━━ Data excerpt ━━
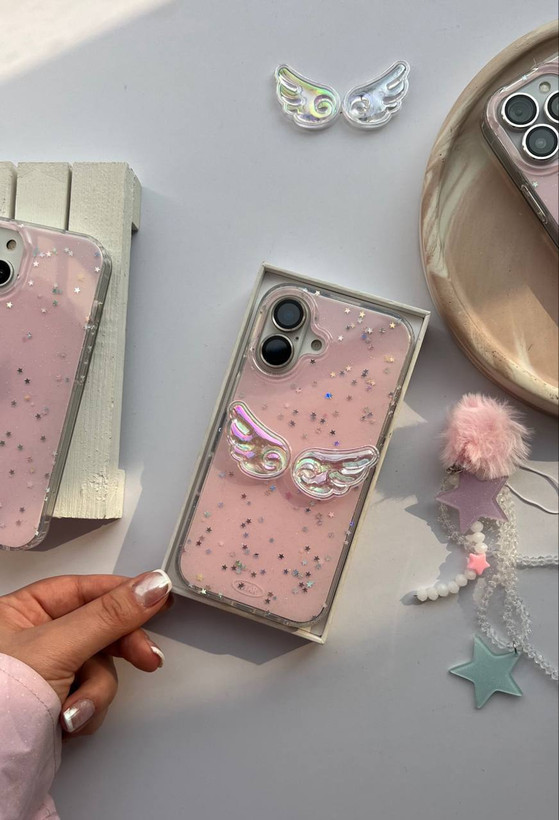 کاور گوشی مدل بال فرشته شایندار همراه با اویز بال برجسته (آیفون ) کد 201827L
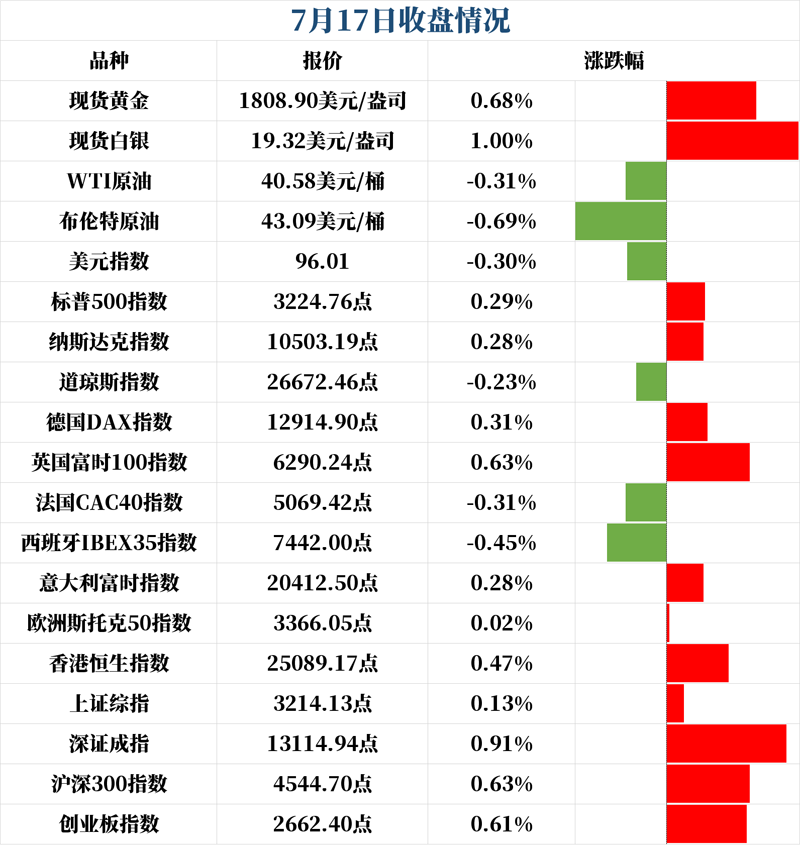 7月17日,A股三大股指冲高回落,创业板指盘中一度涨超3%。截至收盘,沪指涨0.13%,深成指涨0.91%,创业板指涨0.61%。盘面上,多元金融、保险、券商等板块跌幅均超3%。两市合计成交1.1万亿元。
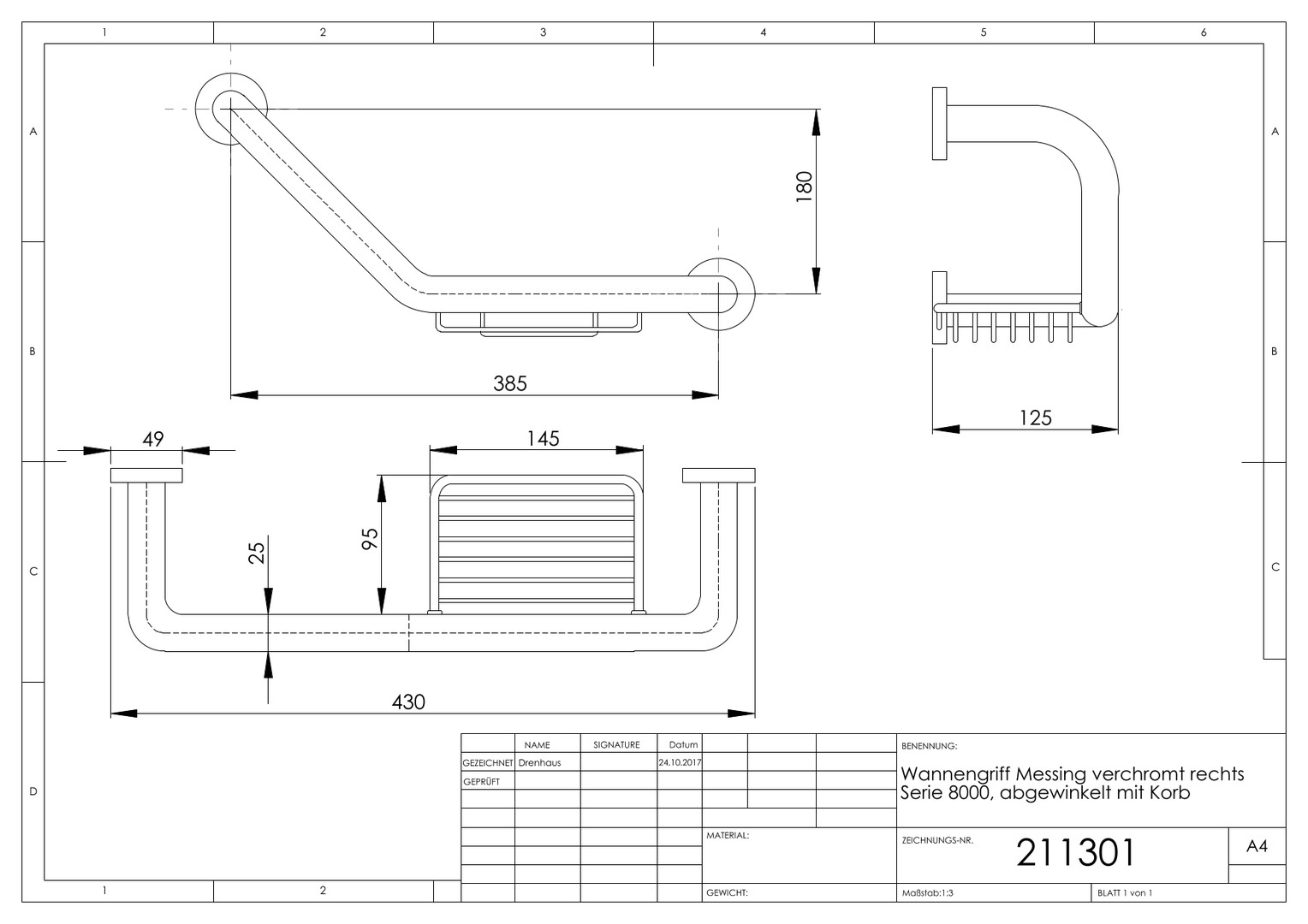 ASW Wannengriff Serie 8000 Länge 350 x 200 mm/Korb rechts, Messing verchromt, abgewinkelt, mit Seifenkorb
━━━
§ Instructions to follow: Reproduce each line above exactly, but not a single picture.

§ Answer space:
 کاور گوشی مدل بال فرشته شایندار همراه با اویز بال برجسته (آیفون ) کد 201827L
 7月17日,A股三大股指冲高回落,创业板指盘中一度涨超3%。截至收盘,沪指涨0.13%,深成指涨0.91%,创业板指涨0.61%。盘面上,多元金融、保险、券商等板块跌幅均超3%。两市合计成交1.1万亿元。
 ASW Wannengriff Serie 8000 Länge 350 x 200 mm/Korb rechts, Messing verchromt, abgewinkelt, mit Seifenkorb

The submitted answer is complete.